The gist of the CSV format is that it consists of a number of *records*, one per line, each of consists of an equal number of *fields*. Fields are separated with a comma. Often, the first line of data in a CSV file gives some clue as to how to interpret the information in the corresponding fields in the following rows. We can surmise that, e.g., the data in the fields corresponding to `gender` represent the dog's gender, that `zip_code` is the zip code of the dog's registration, etc.

Knowing what we know already, we can sort of imagine what the code to parse a file in this format might look like. We'd need to put that whole chunk of data into a big string, then split that string (somehow?) into individual lines; that would give us a list of strings. We could then write an expression to split *those* strings into lists of individual fields. In the end, we'd end up with a *list of lists.*

### Using the `csv` library

Fortunately, we *don't* have to do that work for ourselves (if we don't want to). There's an existing library for Python called `csv` that will do the work of taking a string and turning it into a list of lists for us.

I'm going to show you how to use this library, so you can get started doing simple data tasks with CSV files you find on the web. In the examples below, there is going to be some code that you won't be prepared for just yet—but I'm going to try to be careful to show you which parts of the code you can change yourself, and which parts you need to leave alone.

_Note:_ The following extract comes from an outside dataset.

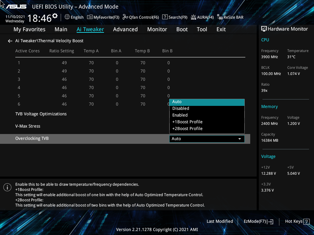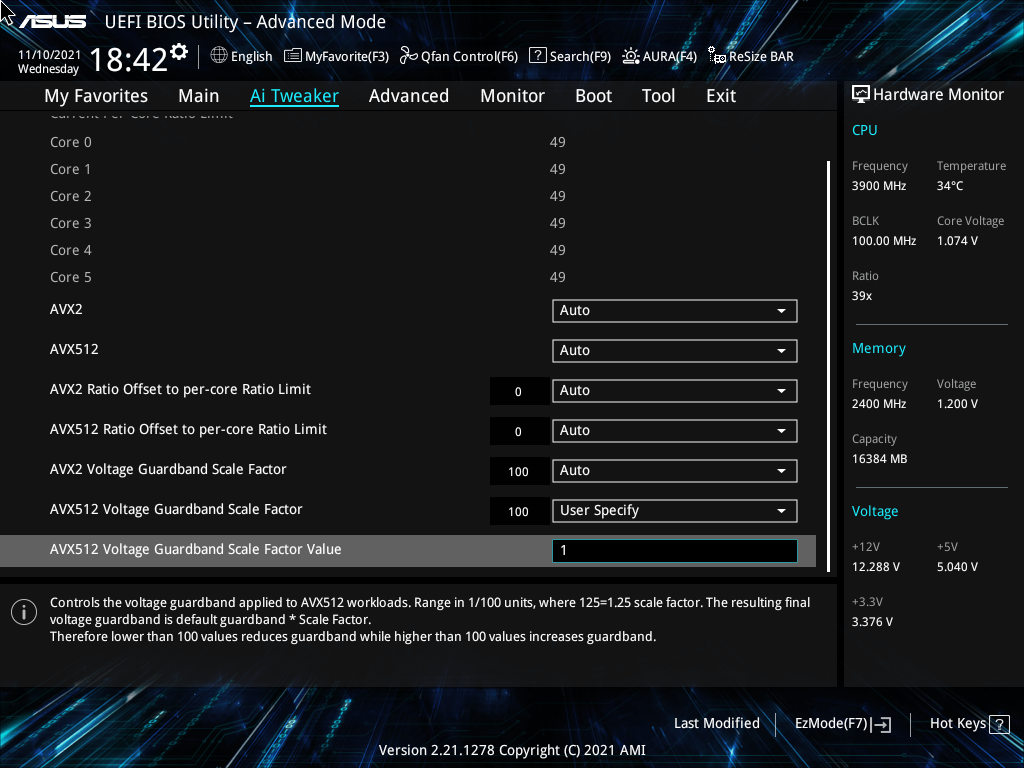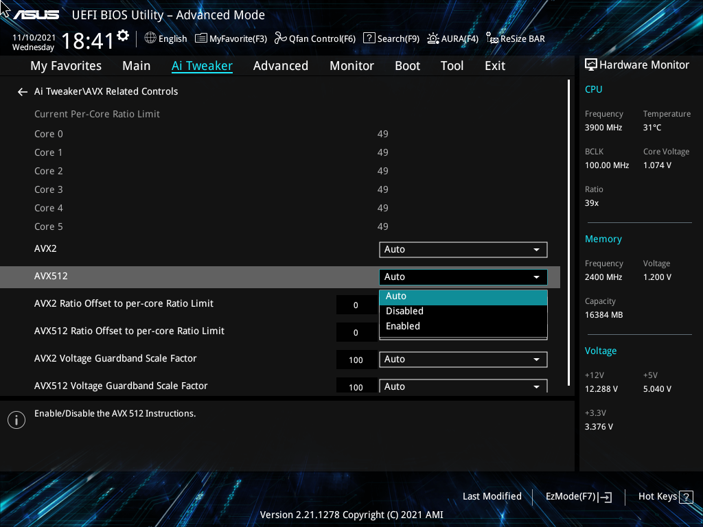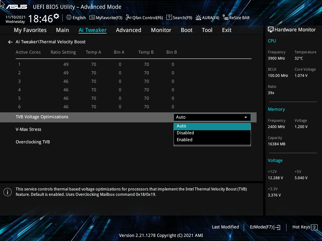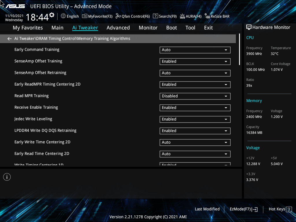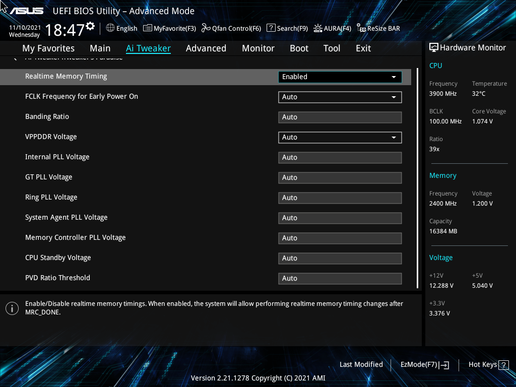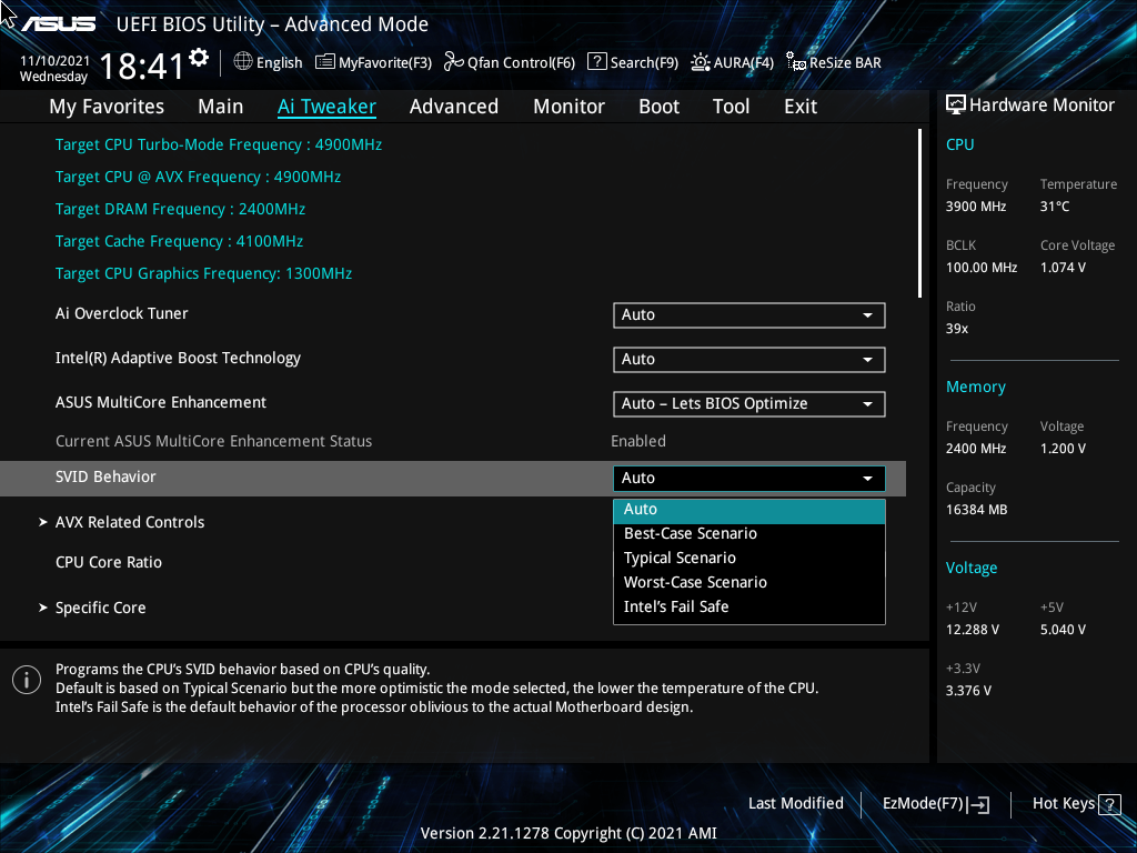 Раздел Ai Tweaker наполнен ровно так же, как у более статусной TUF Gaming Z590-Plus WiFi, то есть ни о каких упрощениях искусственного характера тут нет и речи. Вместе с тем, наблюдение за уровнями SA и IO 2 Voltage всё так же отсутствует.

Make sure you have the `dogs-of-nyc.csv` file from the plain text example files ZIP in the same directory as this notebook before you proceed.

Here's some code for loading an entire CSV into a list of lists:

In [2]:
import csv
import urllib

dogs = list(csv.reader(open("dogs-of-nyc.csv")))

The `import csv` line at the top of the cell simply tells Python that we want to use the `csv` library for the rest of the notebook. The part of the code that does all the work is this one:

    dogs = list(csv.reader(open("dogs-of-nyc.csv")))
    
You can change the filename to whatever filename you want, as long as what's in that file is CSV data. Let's examine the `stats` variable:

In [4]:
type(dogs)

list

It's a list! What's in the list?

In [6]:
type(dogs[0])

list

The first element of this list is... also a list! Looks like we've got a list of lists here. Let's see what's actually inside the list:

In [7]:
dogs[0]

['dog_name',
 'gender',
 'breed',
 'birth',
 'dominant_color',
 'secondary_color',
 'third_color',
 'spayed_or_neutered',
 'guard_or_trained',
 'borough',
 'zip_code']

Looks like the first element of the `dogs` list is a list of column headings. What's in the second element?

In [9]:
dogs[1]

['Buddy',
 'M',
 'Afghan Hound',
 'Jan-00',
 'BRINDLE',
 'BLACK',
 'n/a',
 'Yes',
 'No',
 'Manhattan',
 '10003']

Ah, okay, now we're finally getting some actual data. How many records do we have? We'll use the `len()` function to check, taking care to not include the first record in our count (since that's the column heading row, and doesn't itself represent a dog):

In [12]:
len(dogs[1:])

81542

Eighty-one thousand dogs! That's a lot of puppers.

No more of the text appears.